The second option,"integration into the GSP". will have as major advantage, seen from
the EU point of view, of harmonizing the non-reciprocal preferential trade policy of the
EU and bringing full conformity with WTO rules. It will create a level playing field, in
respect of access to the EU market, for all LDCs other than those engaged in regional
trade arrangements with the EU. It will also allow some ACP countries or groups of
countries to engage in regionalism with other developed economies (Caribbean within
NAFTA, or FTAA, Pacific-ACP in respect of APEC). On the minus side, this option
will:

-Permanently dismantle the Lomé package in several respects. It will treat
different types of ACP countries differently according to their level of
development It will also uncouple the aid from the trade policies which are now
integrated into the Lomé Convention.

-Reduce drastically, at least for the more advanced ACP countries, the
preferential margin received under the Lomé package, since the preferences on
agricultural products will have to be aligned to GSP levels and the commodity
protocols could no longer be provided. Under this option, the continuation of the
Sugar Protocol could pose certain problems, not least problems of a legal nature.

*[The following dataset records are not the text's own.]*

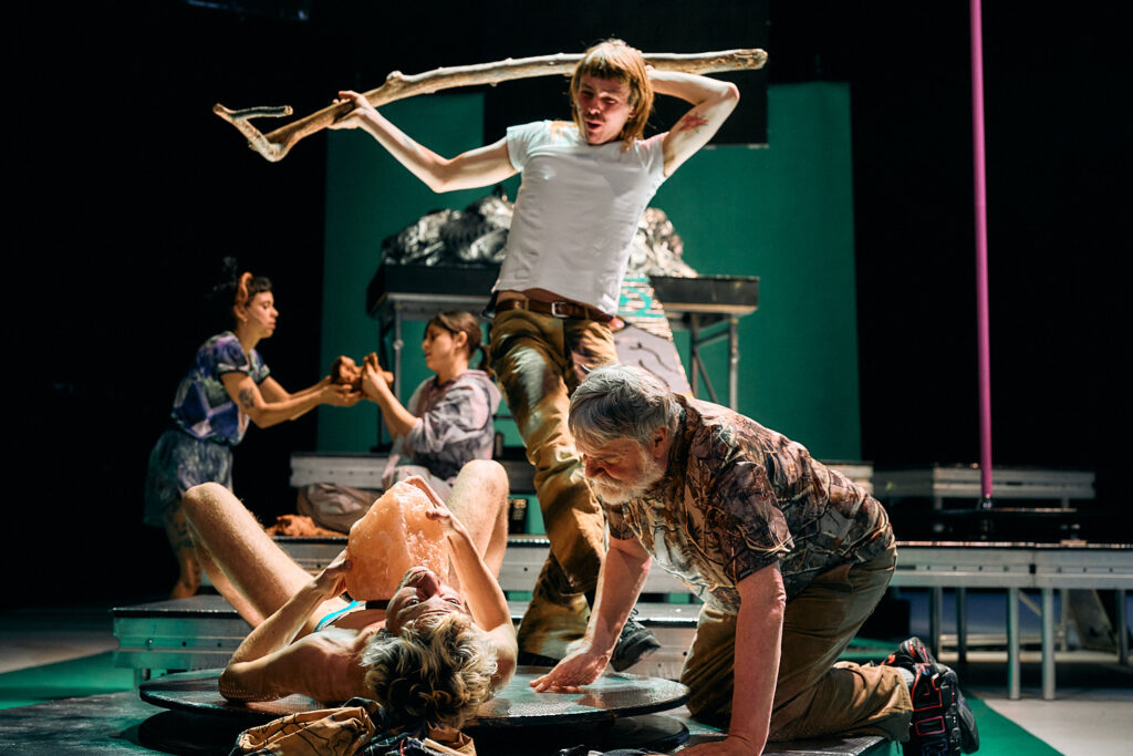 The synopsis of this piece reads that ‘In FRICTION, individual beliefs and identities rub together as if they were pieces of dead dry wood.’ It is surely no coincidence that at about halfway into the show, all performers come together to make a campfire around Vincent, by stacking branches onto him in the form of a pyramid while he looks around quietly, motionless. The angelic lighting on Vincent’s presence ensures we don’t miss the importance of this tableau. However the campfire is never lit, even when Anna Franziska tries to by creating sparks with flint stones. The idea seems clear: the friction that causes these sparks, does not lead to fire.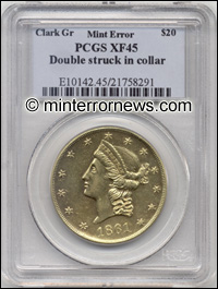 Since it is double struck with some rotation between the two strikes, it is a spectacular and rare major mint error. It would be the centerpiece of any U.S. error collection. There are 2 or 3 known Clark Gruber $20 gold pieces struck over Assay pieces, but that was done deliberately and is considered an overstrike and not a mint error.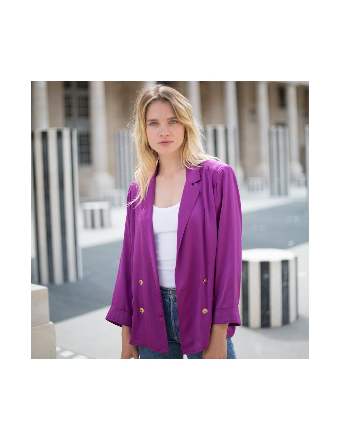 Veste CHANEL soie violette T38 boutons dorés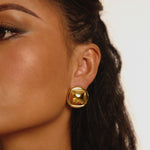 The Evoli Earrings blend vintage energy with a modern finish. They are a soft-square stud with a gently domed center set inside a smooth rounded frame. The pillowy profile adds dimension without feeling heavy, making them an easy go-to for day or night.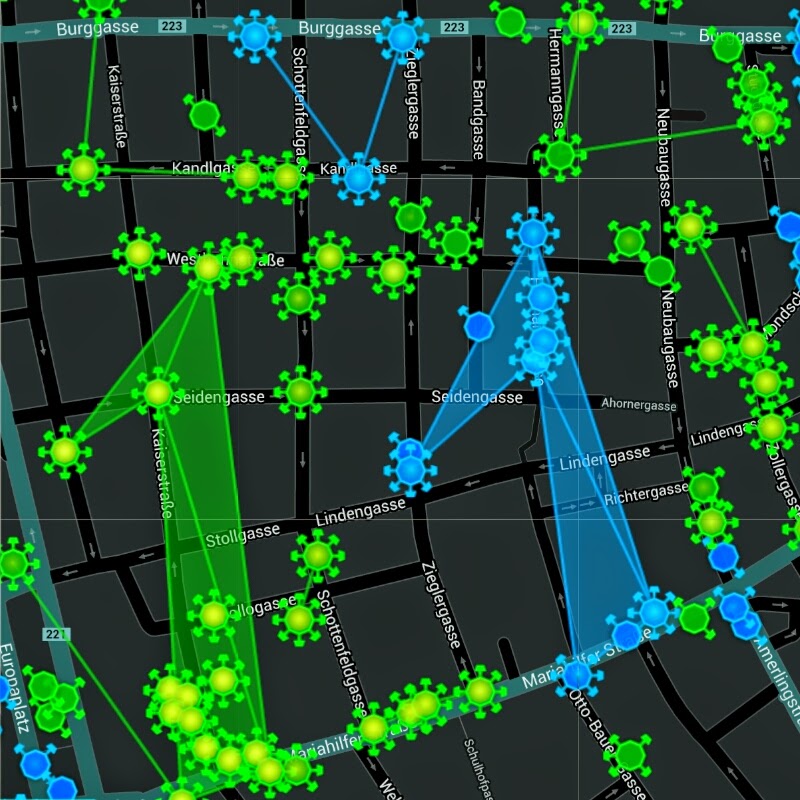 The agents met at 10 pm at St. Stephen’s Cathedral and have been grouped in teams by agent smover (enl.). The teams were split to three cars, one pedestrian team and one bike team. Brunzbub (enl.) had been the operator for this night (his debut) and checked the Intel map for crosslinks and other unforeseen events.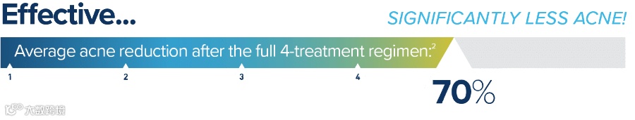 这种治疗机制已经通过美国 IRB 批准的多项临床试验验证,试验结果显示,在大约一个月间隔的 4 次治疗后,6 个月内炎症病变数量平均减少 70%,这一效果在所有皮肤类型和痤疮严重程度的患者中都有观察到。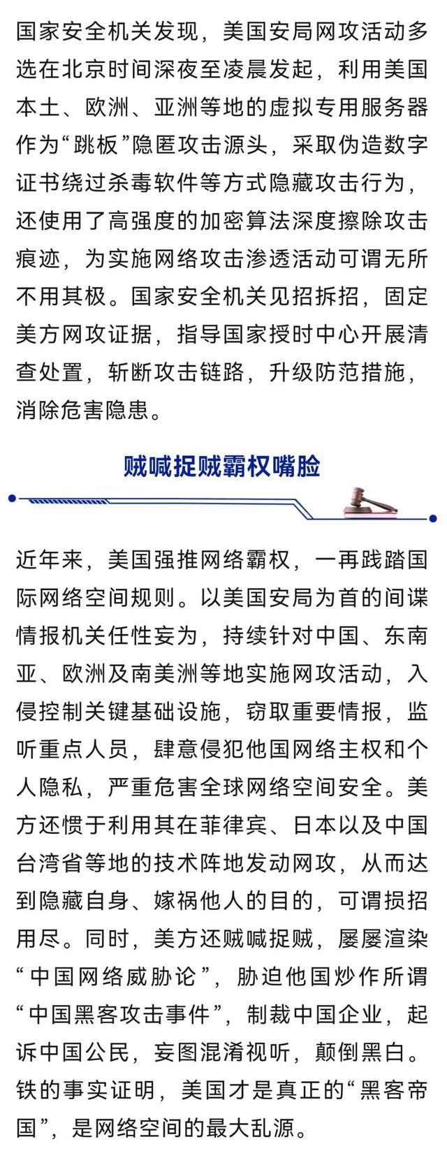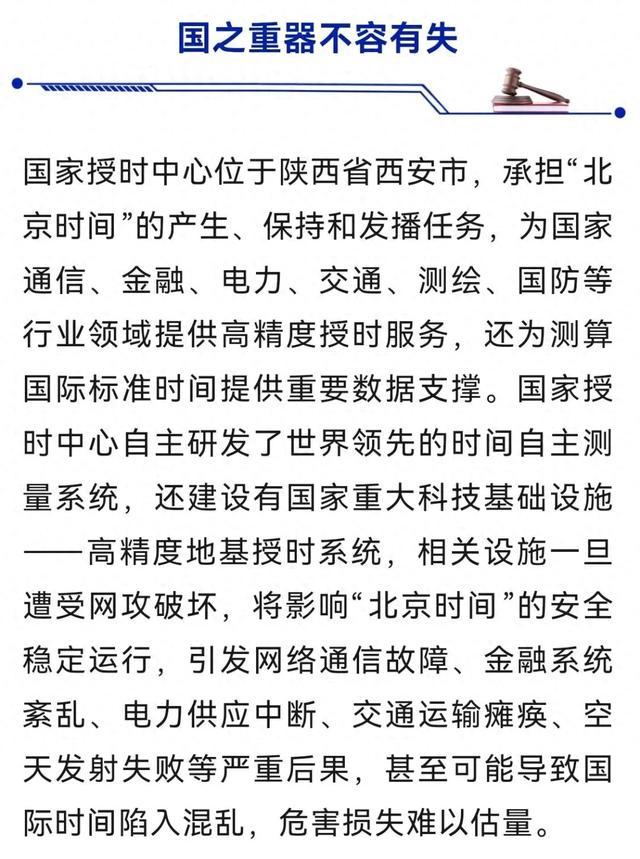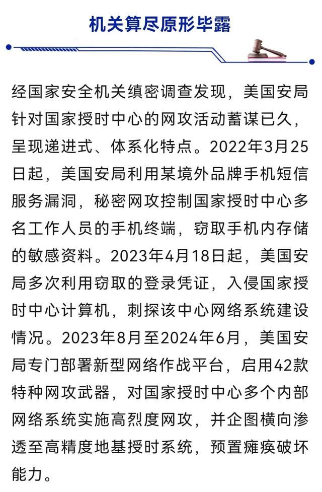 从国家安全部了解到,近期,国家安全机关破获一起美国重大网络攻击案,掌握美国国家安全局网络攻击入侵中国国家授时中心的铁证,粉碎美方网攻窃密和渗透破坏的图谋,全力守护“北京时间”安全。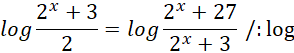 log(2x + 3) – log2 = log(2x + 27) – log(2x + 3)

-Reduce security in respect of the market access terms previously enjoyed,
although the reduced level of preferences, while at the discretion of a change in
policy by the EU or submitted to the graduation mechanism of the GSP, will be
unchallengeable under the WTO. The more advanced ACP countries will find it
more difficult to attract FDI under this option. However, the multilateral GSP
option for LLDC (ACP and non ACP), bound in the GATT, would achieve a
high level of security.

-Provide no additional pull on FDI, nor would it provide a counterweight to the
trade and investment deflection effects resulting from EU-led regionalism
involving other LDCs.

-Be neutral in respect of the viability of South-South regional integration
processes under way. Give no additional protection to the surge in EU
regulations on trade related areas.

Finally, this option will fundamentally weaken the principle of partnership
embodied in the Lomé Convention, which would be reduced to its political,
institutional and aid dimensions.

The third option, "uniform reciprocity" (within the meaning of article XXIV of the
GATT), would conform to WTO rules. It would fundamentally reinforce the principle of
partnership, as it would make more equal the contract between both parties, and would
make it of indefinite duration (at least where the trade part of the Convention is
concerned).

_**b**_ _**[h ]**_

-It will maintain, even enhance, the security and predictability of the preferences,
and by opening and "locking in" the import regime of the ACP countries it will
lend credibility to their trade policies in the eyes of domestic and foreign
investors. As a consequence an enhanced pull on FDI can be expected, as well
as a further impulse from domestic investors.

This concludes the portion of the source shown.